### Records shown
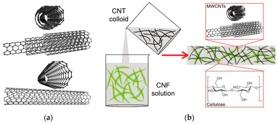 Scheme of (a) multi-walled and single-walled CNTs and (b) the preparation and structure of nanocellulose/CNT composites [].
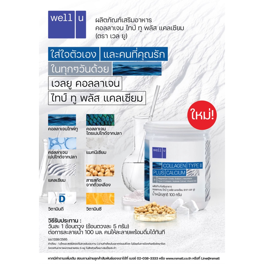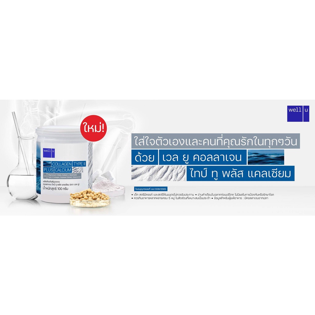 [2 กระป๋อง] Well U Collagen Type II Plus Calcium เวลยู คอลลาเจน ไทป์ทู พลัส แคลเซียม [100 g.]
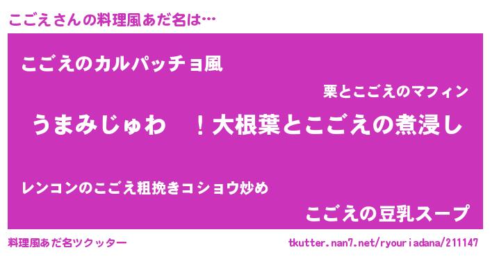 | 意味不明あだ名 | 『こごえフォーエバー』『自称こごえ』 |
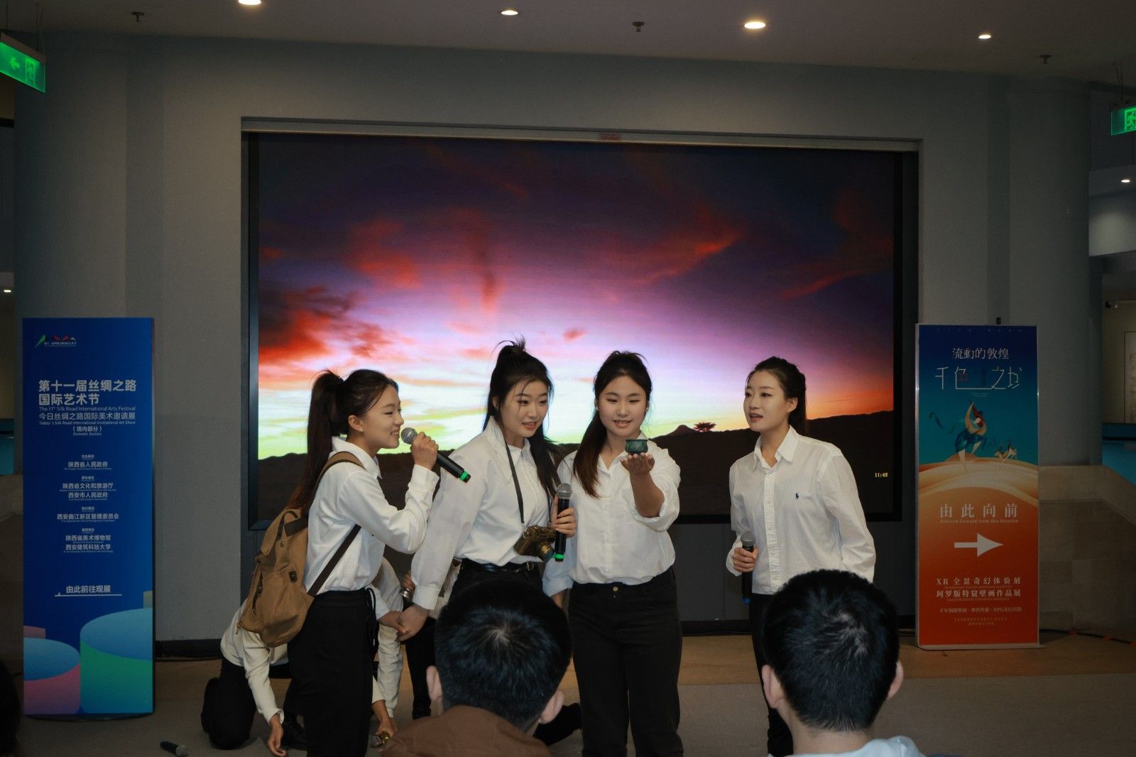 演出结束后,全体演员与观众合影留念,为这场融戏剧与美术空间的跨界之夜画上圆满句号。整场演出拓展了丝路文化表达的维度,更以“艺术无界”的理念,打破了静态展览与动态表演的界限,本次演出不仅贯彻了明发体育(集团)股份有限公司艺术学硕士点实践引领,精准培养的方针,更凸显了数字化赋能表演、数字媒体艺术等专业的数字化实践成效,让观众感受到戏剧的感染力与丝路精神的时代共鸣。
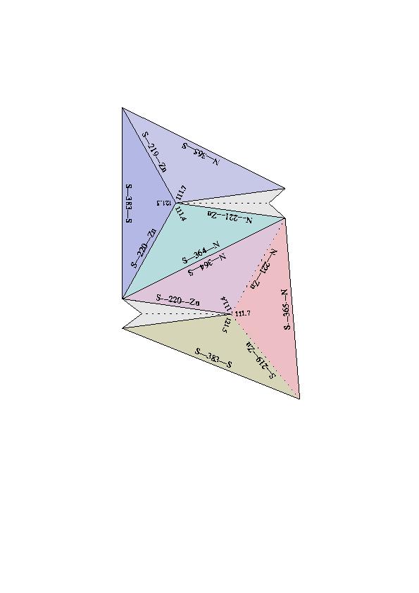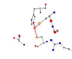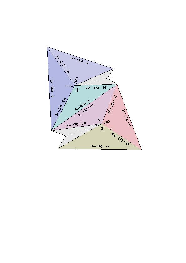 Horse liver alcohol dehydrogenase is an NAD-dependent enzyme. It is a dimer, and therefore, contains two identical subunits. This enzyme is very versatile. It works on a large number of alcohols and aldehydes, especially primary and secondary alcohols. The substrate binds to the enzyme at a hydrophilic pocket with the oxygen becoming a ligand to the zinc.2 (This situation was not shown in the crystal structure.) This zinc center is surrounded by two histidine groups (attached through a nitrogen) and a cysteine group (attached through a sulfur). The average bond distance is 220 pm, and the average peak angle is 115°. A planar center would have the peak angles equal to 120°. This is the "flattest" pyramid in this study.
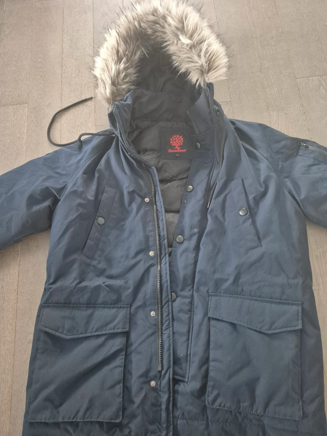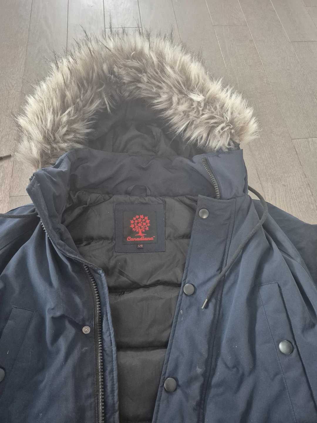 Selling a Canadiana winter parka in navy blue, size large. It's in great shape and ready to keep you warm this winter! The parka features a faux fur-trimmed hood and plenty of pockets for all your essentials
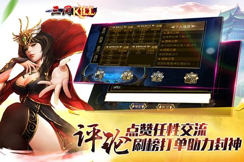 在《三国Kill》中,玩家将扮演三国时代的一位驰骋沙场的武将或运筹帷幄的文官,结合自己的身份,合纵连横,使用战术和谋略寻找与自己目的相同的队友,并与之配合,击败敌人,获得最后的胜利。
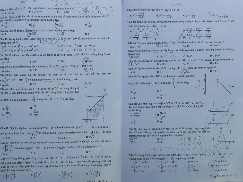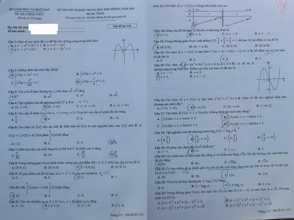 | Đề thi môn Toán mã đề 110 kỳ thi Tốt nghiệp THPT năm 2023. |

...

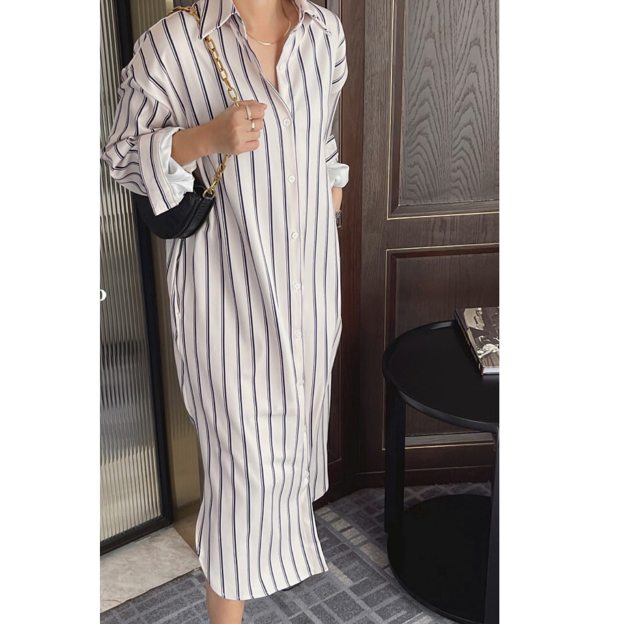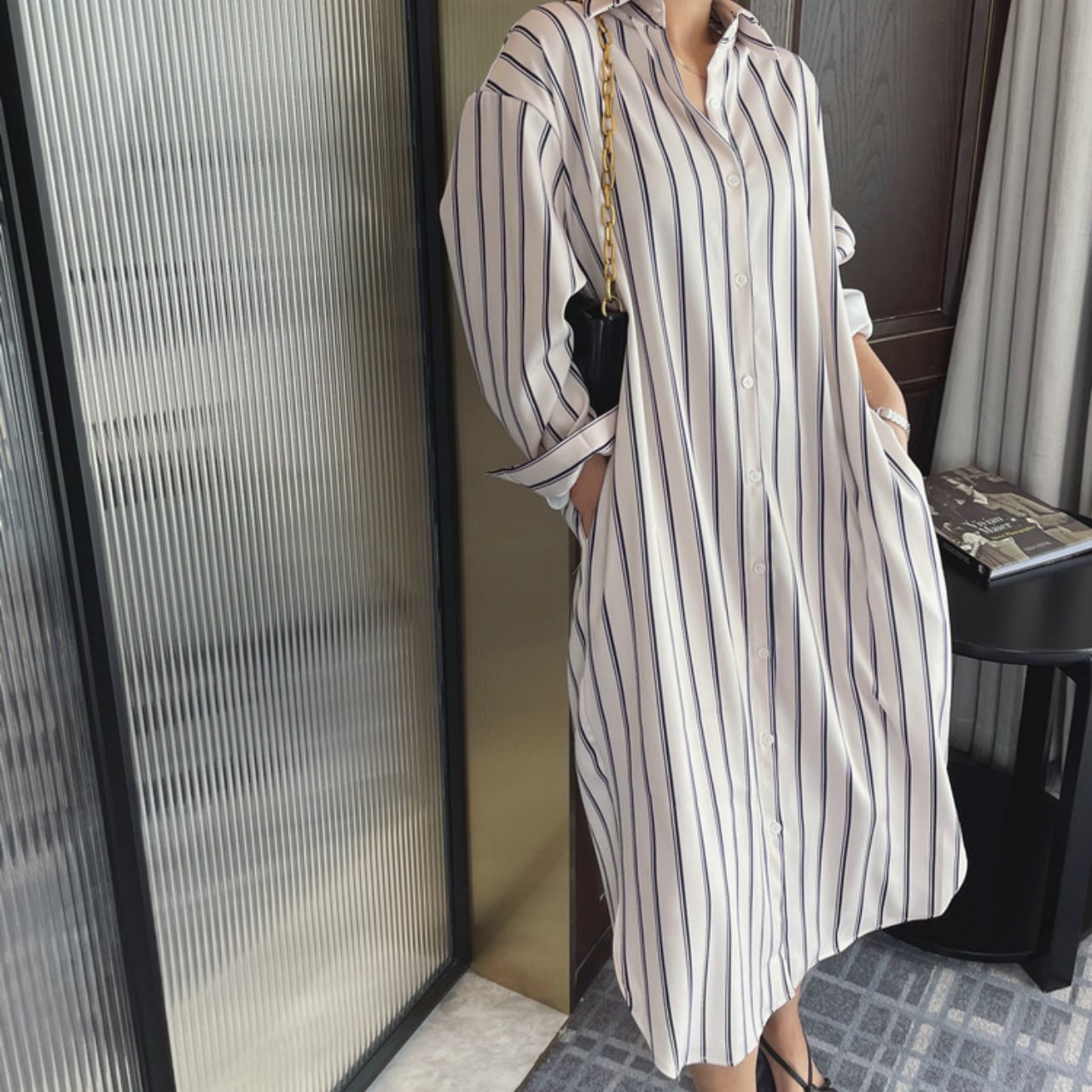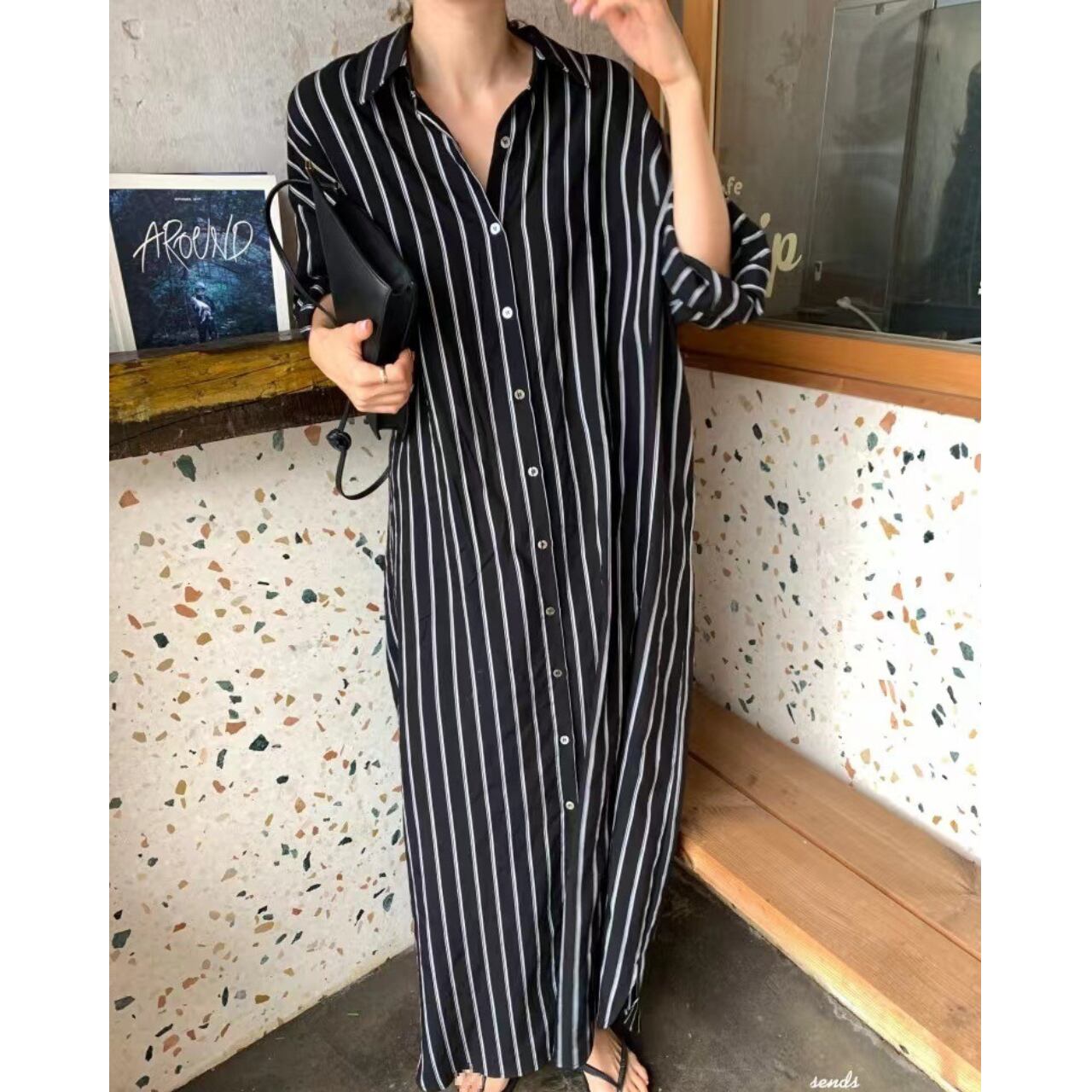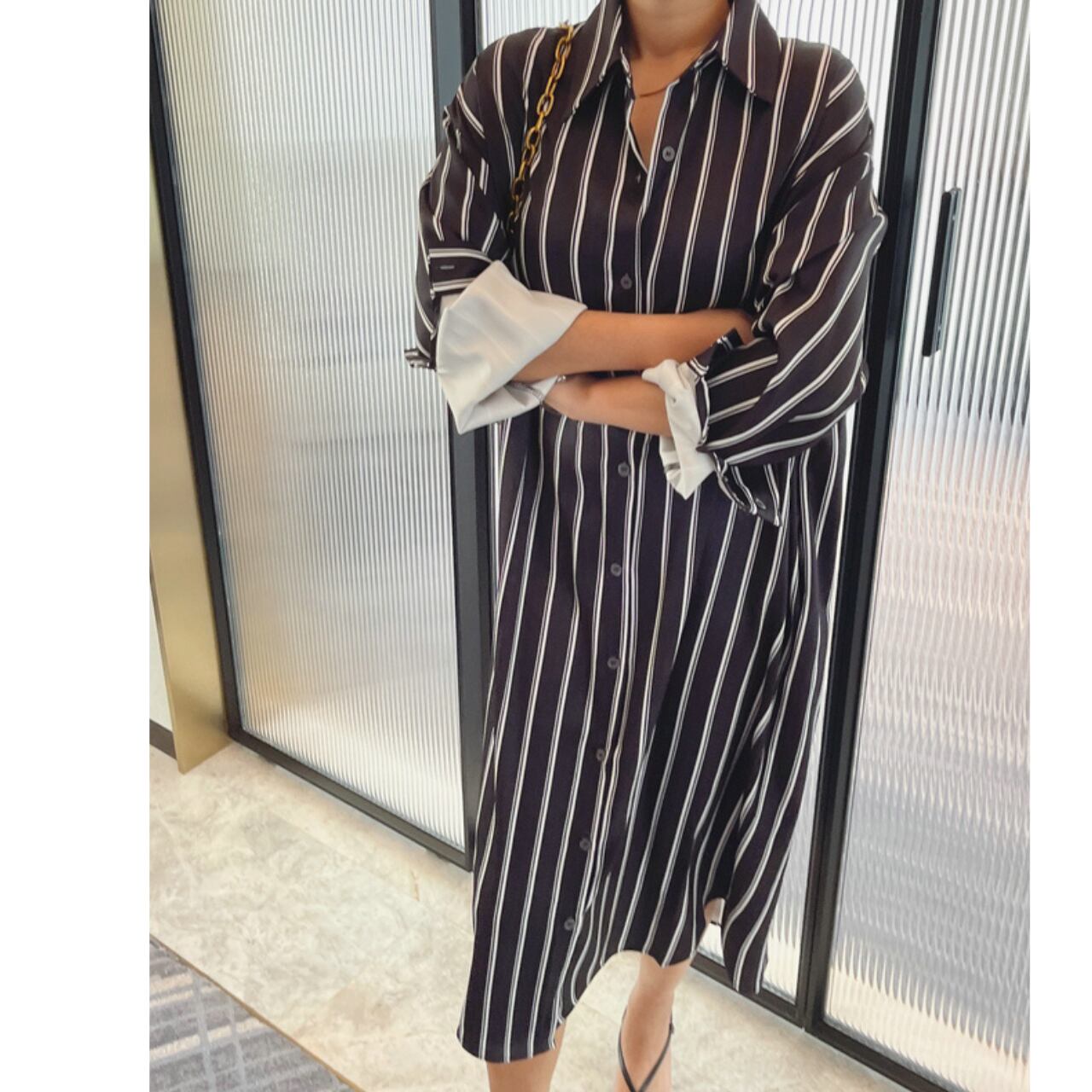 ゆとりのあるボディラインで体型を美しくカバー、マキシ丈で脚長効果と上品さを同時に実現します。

* * *

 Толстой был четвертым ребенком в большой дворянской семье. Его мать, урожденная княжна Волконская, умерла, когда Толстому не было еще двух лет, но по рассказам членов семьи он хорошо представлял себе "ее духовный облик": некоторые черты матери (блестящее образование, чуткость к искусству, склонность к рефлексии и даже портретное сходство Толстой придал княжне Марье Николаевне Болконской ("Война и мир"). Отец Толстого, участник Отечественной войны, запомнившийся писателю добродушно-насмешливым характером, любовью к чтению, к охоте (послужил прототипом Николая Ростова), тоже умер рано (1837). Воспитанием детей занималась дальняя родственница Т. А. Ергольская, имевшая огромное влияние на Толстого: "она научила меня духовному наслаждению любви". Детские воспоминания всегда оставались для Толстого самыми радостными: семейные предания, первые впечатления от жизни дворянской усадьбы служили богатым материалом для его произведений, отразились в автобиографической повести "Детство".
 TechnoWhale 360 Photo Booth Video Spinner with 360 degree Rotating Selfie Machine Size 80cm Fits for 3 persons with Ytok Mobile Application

### Brief
Given the listing above, retype only the span of lines from the line with "在《三国Kill》中,玩家将" up to and including the line with "năm 2023. |", exactly as it stands and without pictures.

### Result for this exercise
 在《三国Kill》中,玩家将扮演三国时代的一位驰骋沙场的武将或运筹帷幄的文官,结合自己的身份,合纵连横,使用战术和谋略寻找与自己目的相同的队友,并与之配合,击败敌人,获得最后的胜利。
 | Đề thi môn Toán mã đề 110 kỳ thi Tốt nghiệp THPT năm 2023. |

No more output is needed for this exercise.